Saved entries

____________

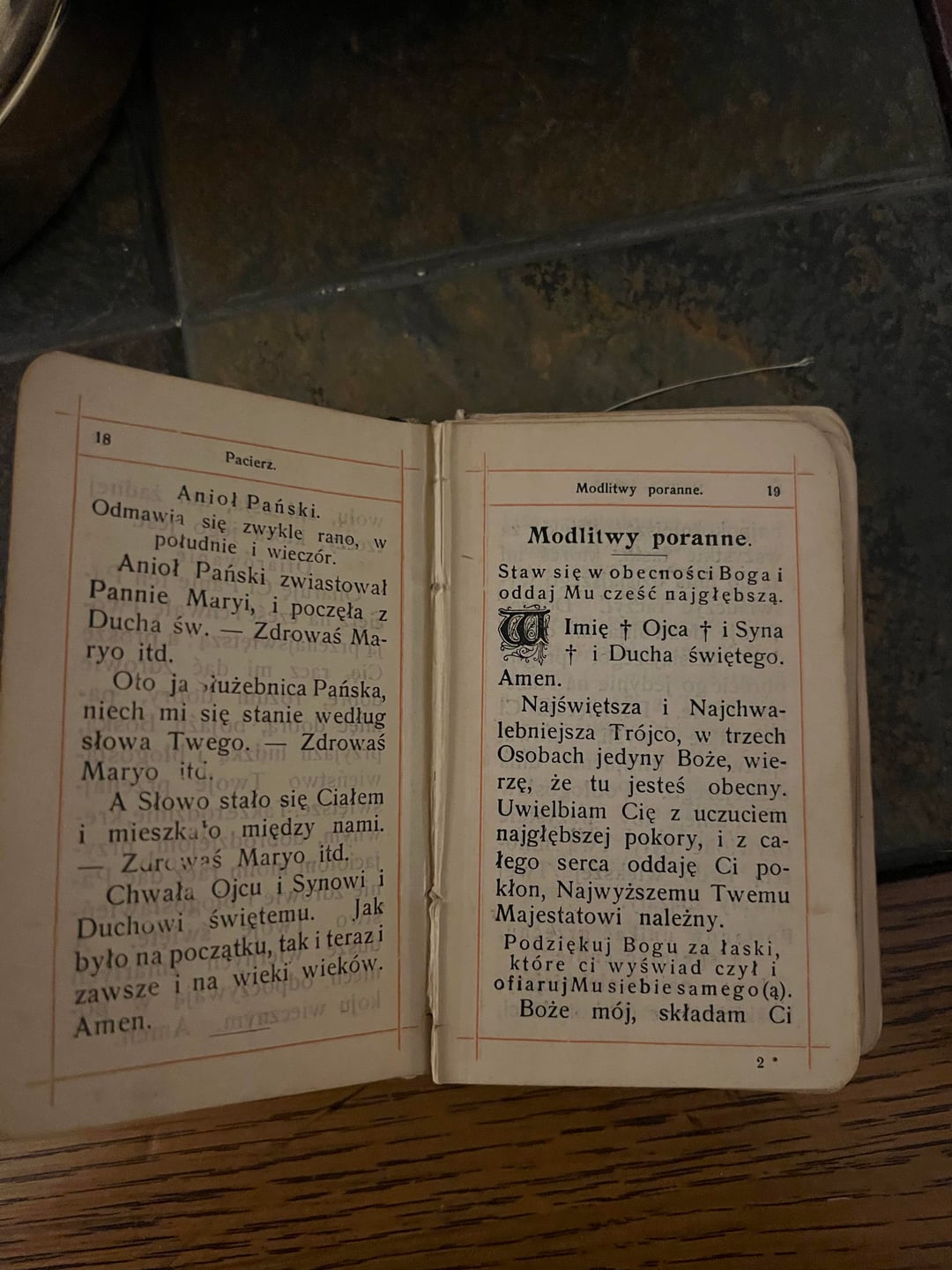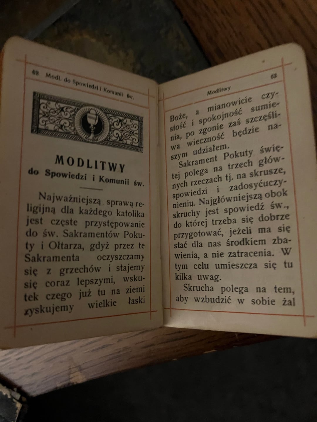 Dzień dobry, ho comprato questo libro cattolico polacco su Ebay qualche mese fa per pochi soldi. Penso solo che sia davvero bello e volevo mostrarlo! Pensare cosa ha passato questo libro! Inoltre, il mio polacco sta diventando abbastanza buono al punto che riesco a leggere e capire molte cose in questo libro.
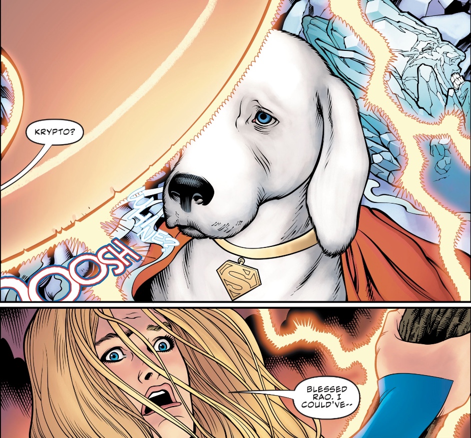 OK, accentuate the positive. Writer Marc Andreyko’s Gandelo (‘Lord’ when introduced, later ‘Empress’ as her sex apparently changed, and here simply ‘Gandelo’) is a convincing fanatic. Supergirl’s confrontion with Xand’r rings true – last month she didn’t seem bothered at all by his duplicity. And Krypto? Awwww.
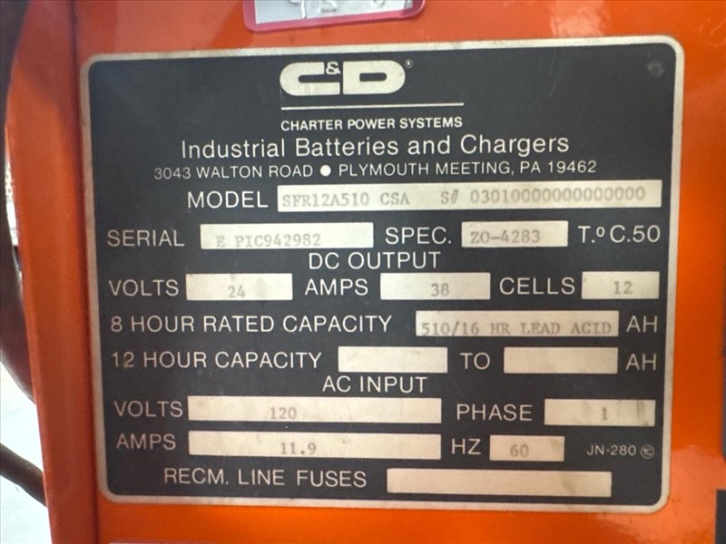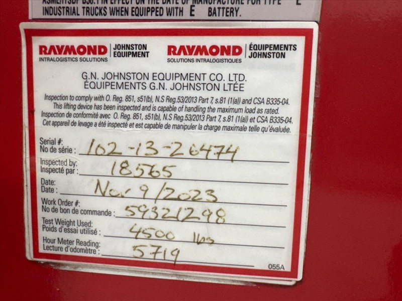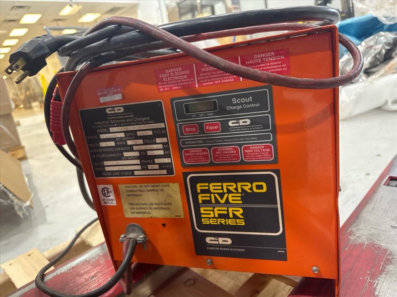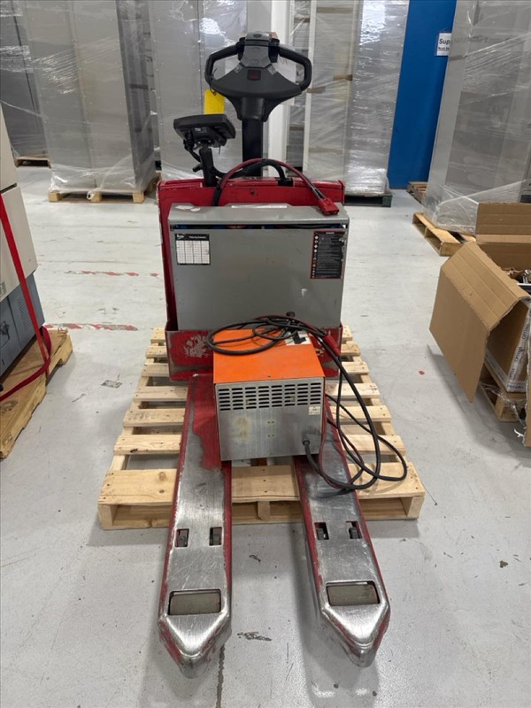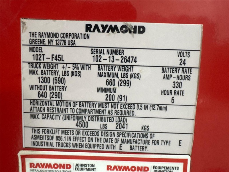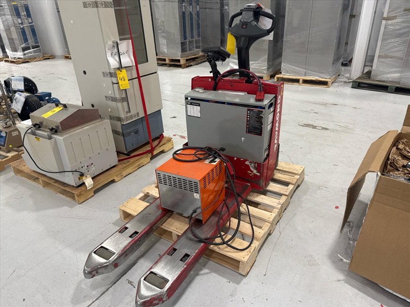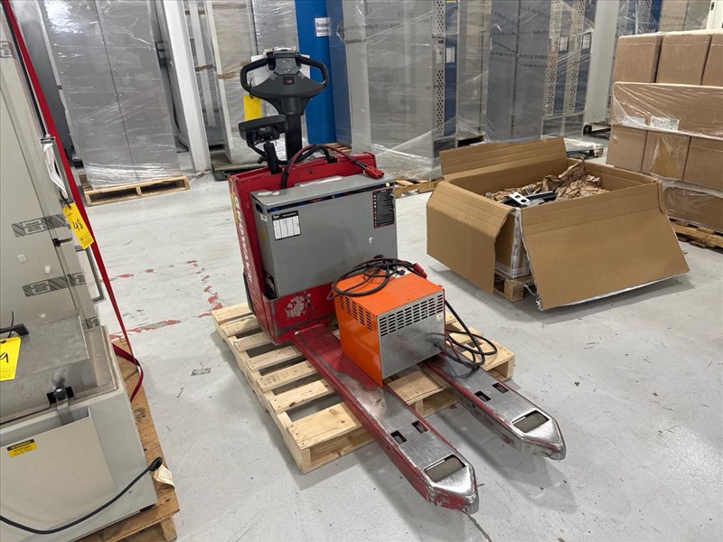 Raymond Electric Pallet Truck, mod. 102T-F45L, ser.no. 102-13-26474, 4500 lbs. cap., 24V c/w Ferro Five battery charger, mod. SFR12A510 CSA, ser.no. E PIC942982, (Needs new battery)
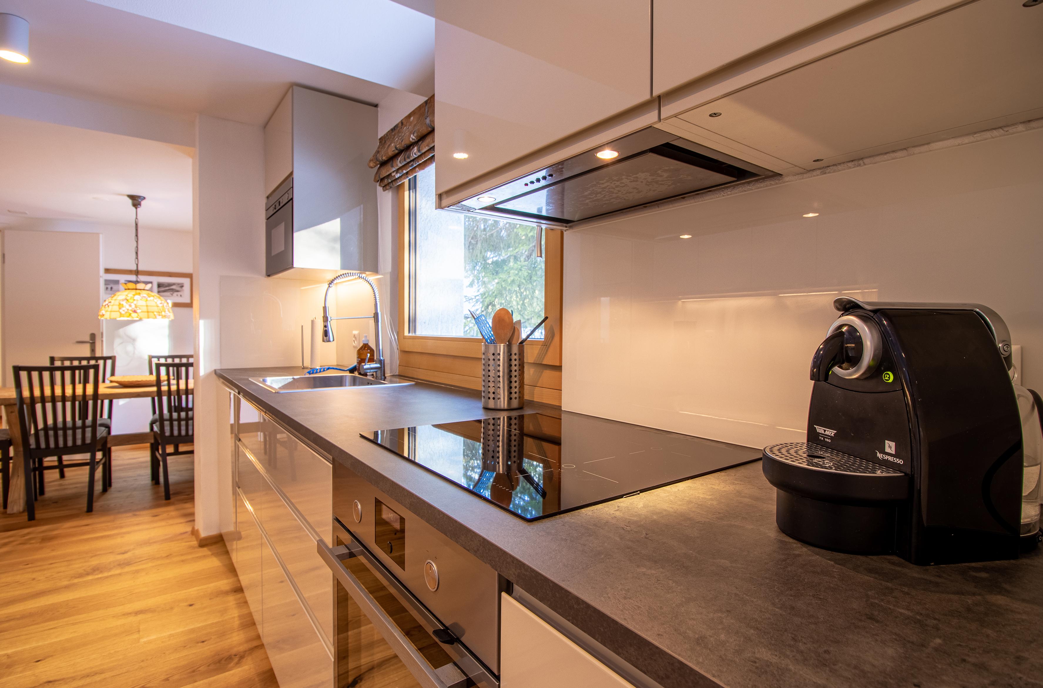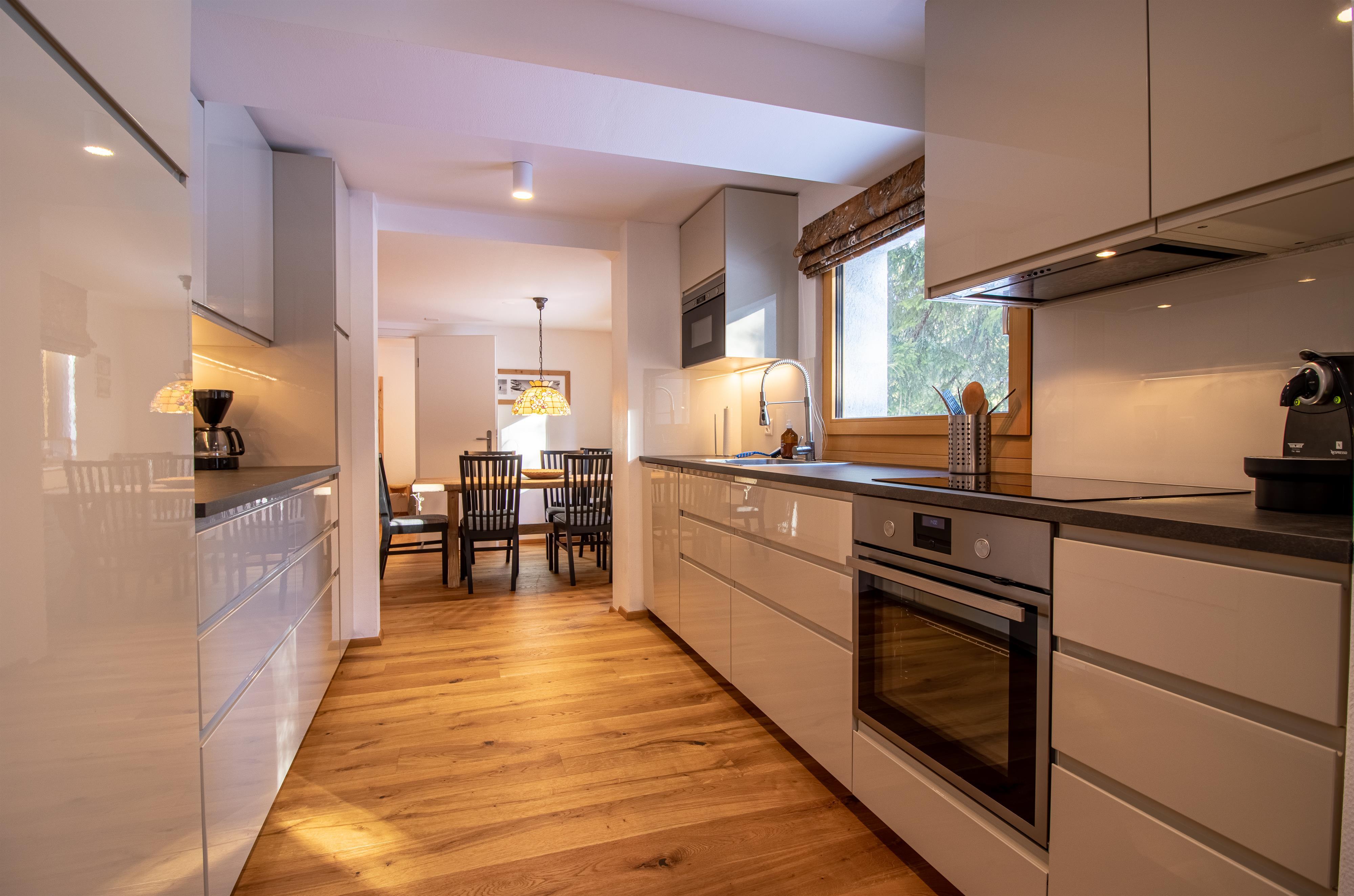 Die Küche ist voll ausgestattet und hat auch einen Esstisch mit Platz für 5 Personen.
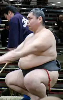 Daimanazuru Kenji (born January 16, 1977 as Kenji Omae) is a former sumo wrestler from Kawakami, Yoshino District, Nara, Japan. He began his professional career in 1992, and spent a total of 19 tournaments in the top two divisions, peaking at maegashira 16 in 2006. He retired at the end of the January 2010 tournament and has chosen to work outside of the Sumo Association.

____________

What is needed is every entry above, repeated exactly, with the pictures dropped.

 Dzień dobry, ho comprato questo libro cattolico polacco su Ebay qualche mese fa per pochi soldi. Penso solo che sia davvero bello e volevo mostrarlo! Pensare cosa ha passato questo libro! Inoltre, il mio polacco sta diventando abbastanza buono al punto che riesco a leggere e capire molte cose in questo libro.
 OK, accentuate the positive. Writer Marc Andreyko’s Gandelo (‘Lord’ when introduced, later ‘Empress’ as her sex apparently changed, and here simply ‘Gandelo’) is a convincing fanatic. Supergirl’s confrontion with Xand’r rings true – last month she didn’t seem bothered at all by his duplicity. And Krypto? Awwww.
 Raymond Electric Pallet Truck, mod. 102T-F45L, ser.no. 102-13-26474, 4500 lbs. cap., 24V c/w Ferro Five battery charger, mod. SFR12A510 CSA, ser.no. E PIC942982, (Needs new battery)
 Die Küche ist voll ausgestattet und hat auch einen Esstisch mit Platz für 5 Personen.
 Daimanazuru Kenji (born January 16, 1977 as Kenji Omae) is a former sumo wrestler from Kawakami, Yoshino District, Nara, Japan. He began his professional career in 1992, and spent a total of 19 tournaments in the top two divisions, peaking at maegashira 16 in 2006. He retired at the end of the January 2010 tournament and has chosen to work outside of the Sumo Association.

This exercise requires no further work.